Software Tuning, Performance Optimization & Platform Monitoring
Discussion around monitoring and software tuning methodologies, Performance Monitoring Unit (PMU) of Intel microprocessors, and platform monitoring
1628 Discussions

Does disabling H/W prefetching affect prefetch/prefetchw instructions?


According to

We can disable H/W prefetching through MSR. I'm wondering will it affect prefetch/prefetchw instructions (e.g., prefetch/prefetchw will no longer work)?




0 Kudos
2 Replies
Black Belt

Disabling hardware prefetch via the MSR controls does not disable software prefetch instructions.

Software prefetch instructions are very seldom automatically generated by compilers except when generating code for first generation Xeon Phi (Knights Corner) systems, where they are typically essential for good performance.

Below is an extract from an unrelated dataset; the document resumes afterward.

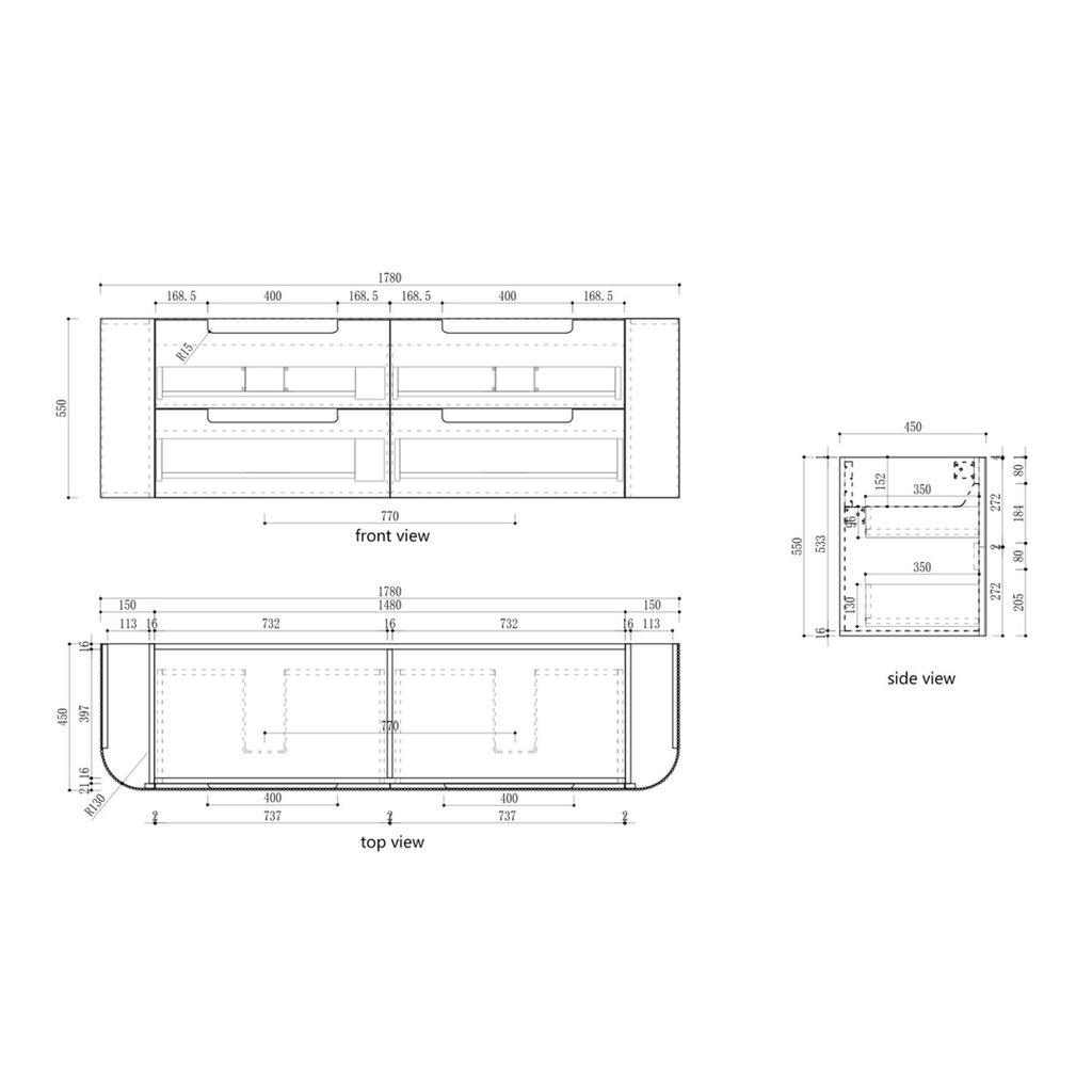 Aulic Varcelli Tier Wall Hung H/Oak Fluted Curved Cabinet 1800X460X425mm & Palis White Flat Stone Top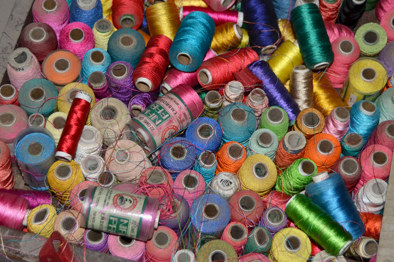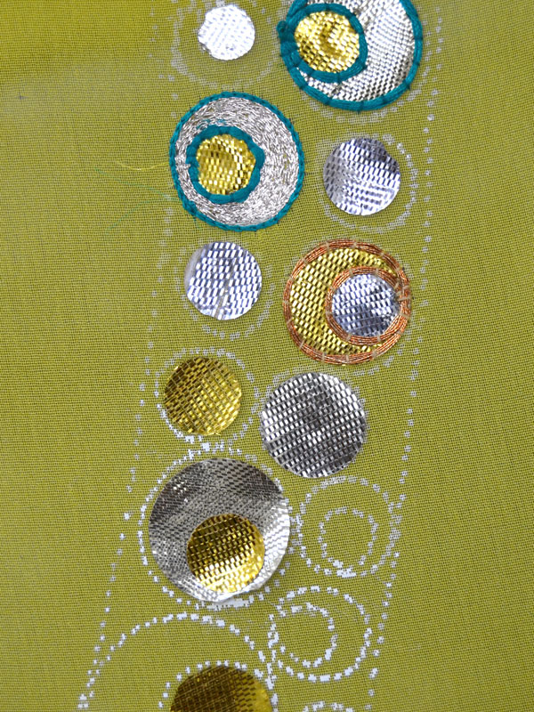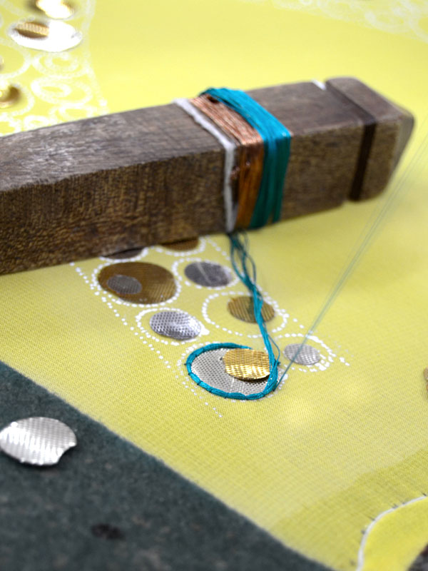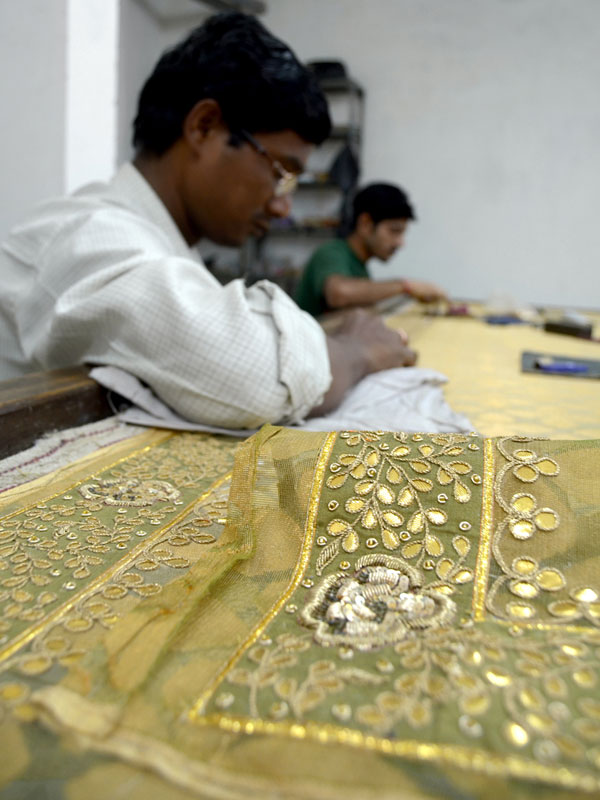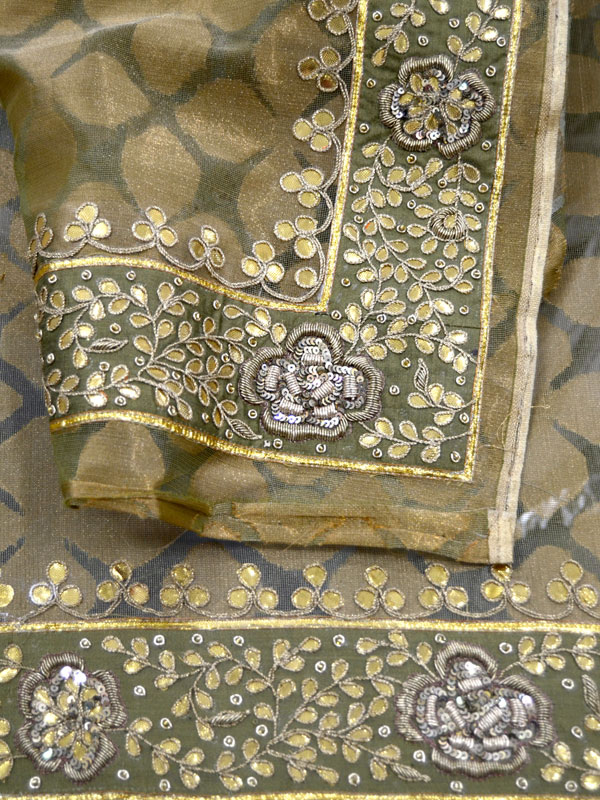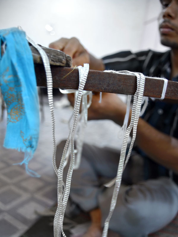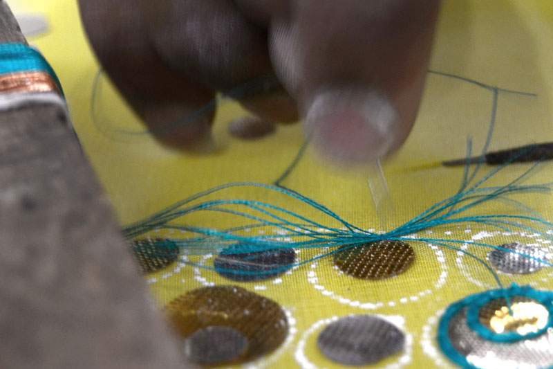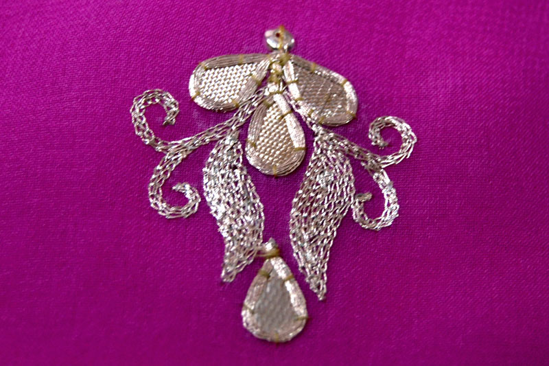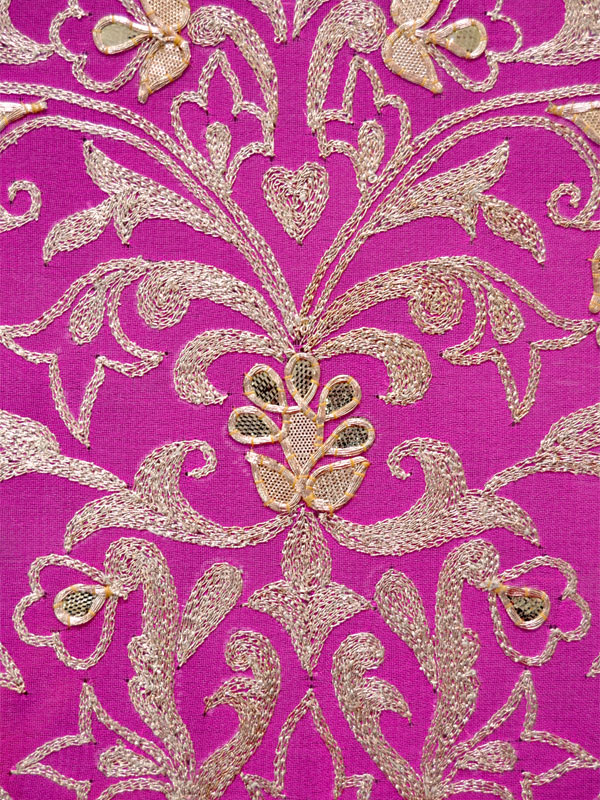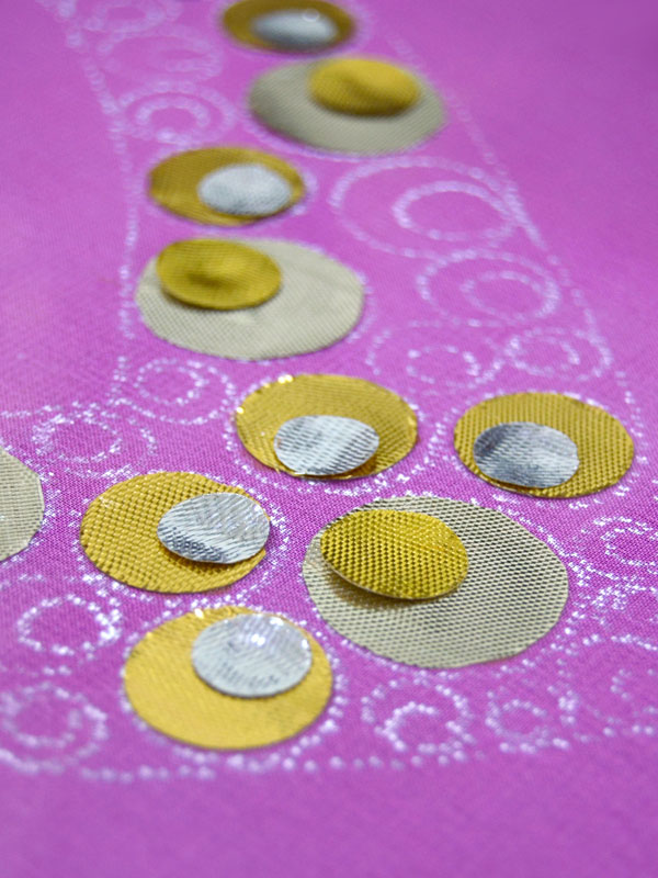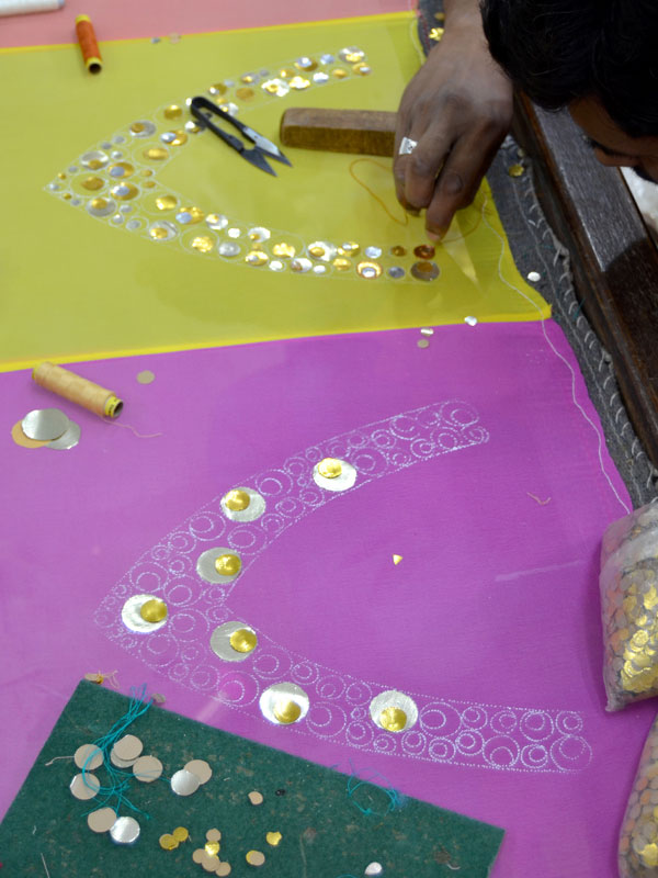 ‘Takaayi’ is the process of stitching Gota on the fabric. Gota is woven on power looms and consists of cotton (warp) and a metal (weft). ‘Gotapatti’ is actually the cutting and folding of these tapes into basic rhomboid units, referred to as patti or leaves, and combining them to create elaborate motifs that include peacocks, paisleys, flowers, geometric patterns and elephants. Pieces of Gota are first stuck with fabric-glue and then appliquéd using running, back, hem or couching stitch. For a simpler effect, Gota strips may also be stitched in a simple line. A wide variety of threads like cotton, silk, metal etc. are used to create outlines of these shapes, adding a dash of color and enhancing their beauty.

Software prefetch instructions have some advantages over loads -- they can be retired immediately, rather than waiting for the data to arrive, so they don't cause the out-of-order execution mechanisms to "back up".  On the other hand, software prefetches use the same Line Fill Buffers as ordinary loads, so they do not provide additional maximum concurrency.  (Carefully placed software prefetches can increase *effective* concurrency in cases where the hardware prefetchers are either ineffective or disabled, but most Intel processors are limited to a maximum of 10 L1 Data Cache misses using any combination of loads and/or software prefetches.)

If you want to eliminate compiler-generated software prefetches, the "-qopt-prefetch=0" option (or the identical "-qno-opt-prefetch" option) should be enough.  If the code contains explicit prefetch pragmas, then it would be a good idea to check the generated assembly code to see which option takes precedence.  Explicit software prefetch intrinsics (or inline assembly) should be unaffected by the "-qopt-prefetch=0" option.

Black Belt

Although Intel had to change their CPUs a decade ago so that prefetchw would no longer count as illegal instruction (for "compatibility"), I haven't seen documentation as to whether it has any effect on other than AMD CPUs.